Sharing the new tools
To support the worldwide search for new materials, the researchers have incorporated the genetic algorithm and ANN into “molSimplify,” the group’s online, open-source software toolkit that anyone can download and use to build and simulate transition metal complexes. To help potential users, the site provides tutorials that demonstrate how to use key features of the open-source software codes. Development of molSimplify began with funding from the MIT Energy Initiative in 2014, and all the students in Kulik’s group have contributed to it since then.
The researchers continue to improve their neural network for investigating potential SCOs and to post updated versions of molSimplify. Meanwhile, others in Kulik’s lab are developing tools that can identify promising compounds for other applications. For example, one important area of focus is catalyst design. Graduate student in chemistry Aditya Nandy is focusing on finding a better catalyst for converting methane gas to an easier-to-handle liquid fuel such as methanol — a particularly challenging problem. “Now we have an outside molecule coming in, and our complex — the catalyst — has to act on that molecule to perform a chemical transformation that takes place in a whole series of steps,” says Nandy. “Machine learning will be super-useful in figuring out the important design parameters for a transition metal complex that will make each step in that process energetically favorable.”

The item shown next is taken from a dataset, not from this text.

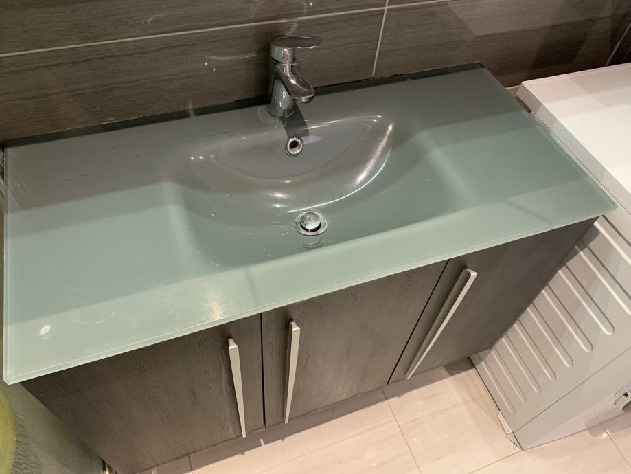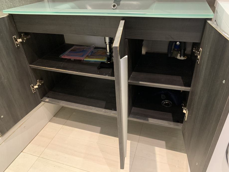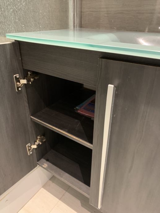 2. Camargue Espacio stakleni umivaonik s izljevom dim. 100 x 46 cm, na visećoj bazi (ormariću). Visina baze (ormarića) 61 cm, troja vrata s vertikalnim ručkama. UMIVAONIK KAO NOV I BEZ OŠTEĆENJA, ORMARIĆ S TRAGOVIMA VLAGE NA DONJIM RUBOVIMA (VIDLJIVO NA SLIKAMA)
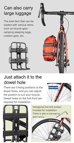 - ・[Maximum load 5kg] [Fixed to dowel hole] There are 3 fixing positions to the dowel hole, and you can adjust the position to suit your bicycle.Dowel holes in the front fork are required for installation.

This research was supported by the U.S. Department of the Navy’s Office of Naval Research, the U.S. Department of Energy, the National Science Foundation, and the MIT Energy Initiative Seed Fund Program. Jon Paul Janet was supported in part by an MIT-Singapore University of Technology and Design Graduate Fellowship. Heather Kulik has received a National Science CAREER Award (2019) and an Office of Naval Research Young Investigator Award (2018), among others.